*Work instructions*: Each line from the opening of the material through the line holding "终于抽空用我的宋DM与同学的" needs to be returned exactly, with the pictures left out.

*Dataset entries*:
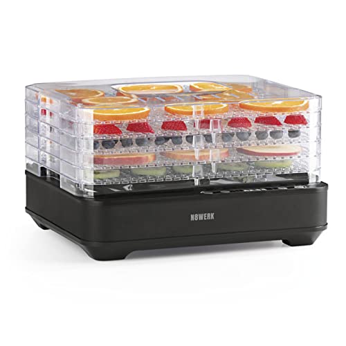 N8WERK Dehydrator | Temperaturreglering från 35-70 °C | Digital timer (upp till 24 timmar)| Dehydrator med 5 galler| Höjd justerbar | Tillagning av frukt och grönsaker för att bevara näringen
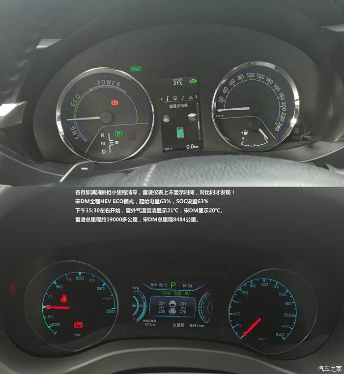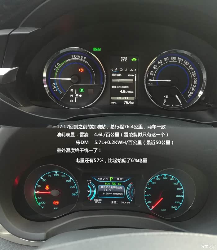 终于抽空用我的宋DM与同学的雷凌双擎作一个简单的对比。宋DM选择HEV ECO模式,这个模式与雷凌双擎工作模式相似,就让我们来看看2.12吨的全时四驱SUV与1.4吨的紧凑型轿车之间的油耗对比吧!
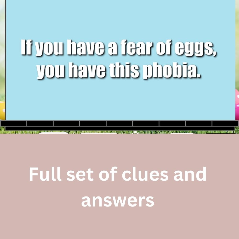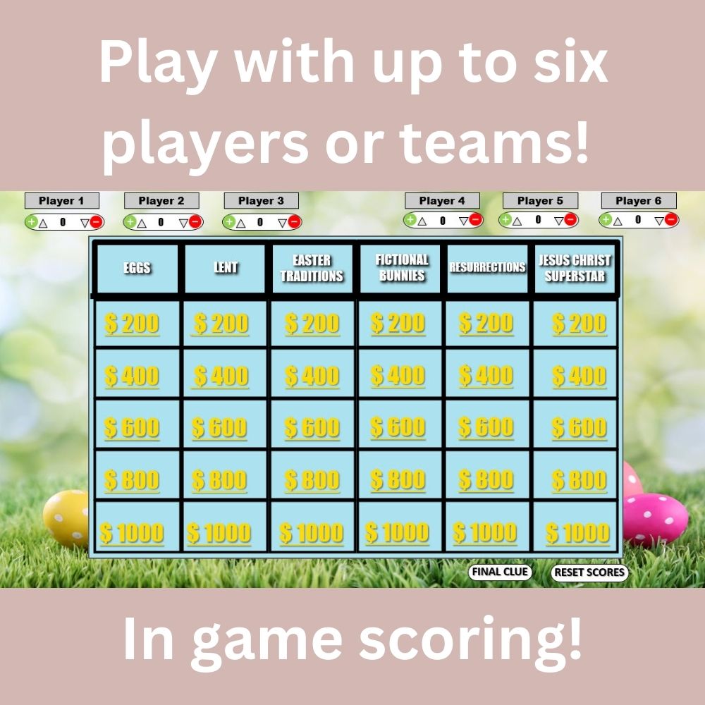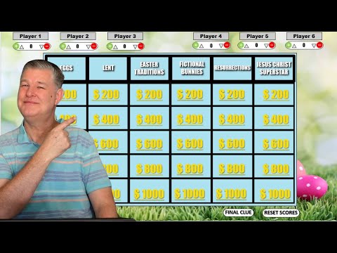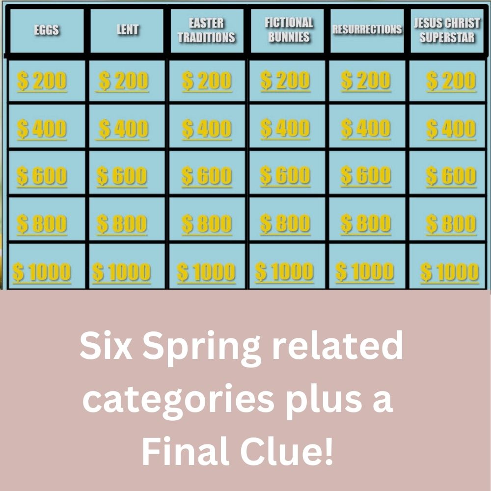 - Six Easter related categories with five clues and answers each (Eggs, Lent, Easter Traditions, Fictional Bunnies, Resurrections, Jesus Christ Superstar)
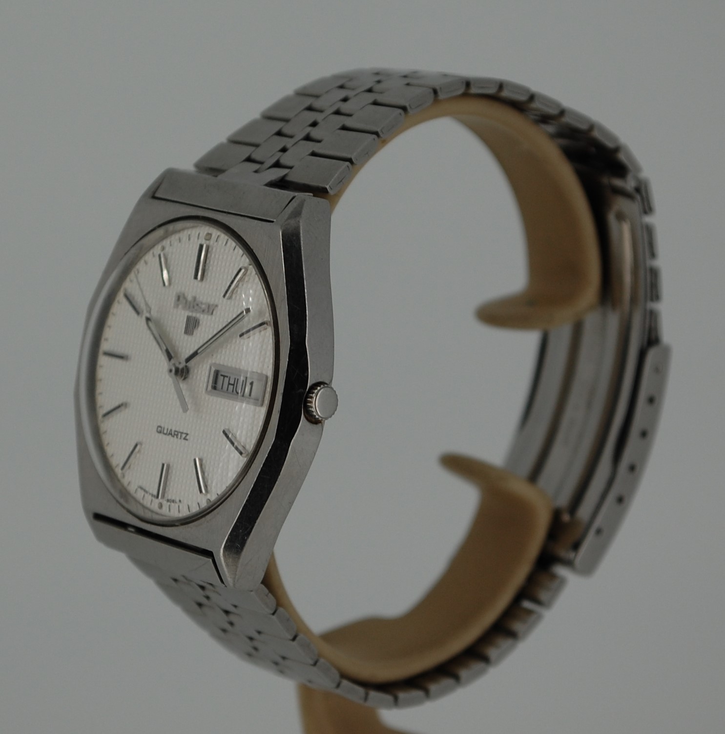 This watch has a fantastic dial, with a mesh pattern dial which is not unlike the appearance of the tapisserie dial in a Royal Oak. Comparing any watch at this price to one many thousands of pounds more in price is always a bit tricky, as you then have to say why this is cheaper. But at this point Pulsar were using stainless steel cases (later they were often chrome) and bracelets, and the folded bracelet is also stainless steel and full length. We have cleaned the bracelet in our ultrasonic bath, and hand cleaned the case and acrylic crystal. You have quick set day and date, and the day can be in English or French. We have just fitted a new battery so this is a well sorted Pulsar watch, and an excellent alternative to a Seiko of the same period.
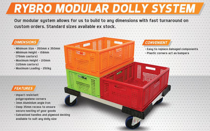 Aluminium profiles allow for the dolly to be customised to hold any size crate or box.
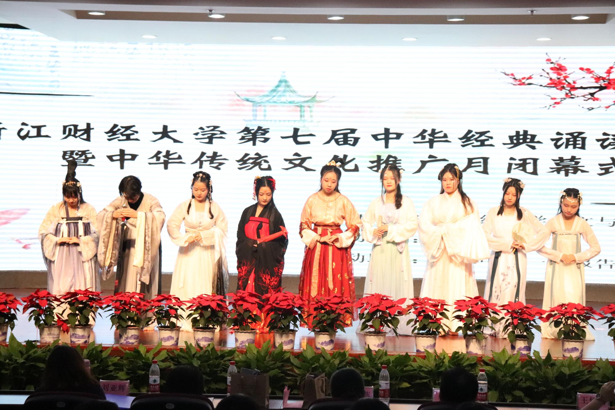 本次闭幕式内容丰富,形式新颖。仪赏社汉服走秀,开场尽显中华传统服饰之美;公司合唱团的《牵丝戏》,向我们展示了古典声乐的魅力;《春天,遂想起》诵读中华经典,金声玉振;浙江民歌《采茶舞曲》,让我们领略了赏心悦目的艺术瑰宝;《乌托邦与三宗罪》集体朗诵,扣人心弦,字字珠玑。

*Result*:
 N8WERK Dehydrator | Temperaturreglering från 35-70 °C | Digital timer (upp till 24 timmar)| Dehydrator med 5 galler| Höjd justerbar | Tillagning av frukt och grönsaker för att bevara näringen
 终于抽空用我的宋DM与同学的雷凌双擎作一个简单的对比。宋DM选择HEV ECO模式,这个模式与雷凌双擎工作模式相似,就让我们来看看2.12吨的全时四驱SUV与1.4吨的紧凑型轿车之间的油耗对比吧!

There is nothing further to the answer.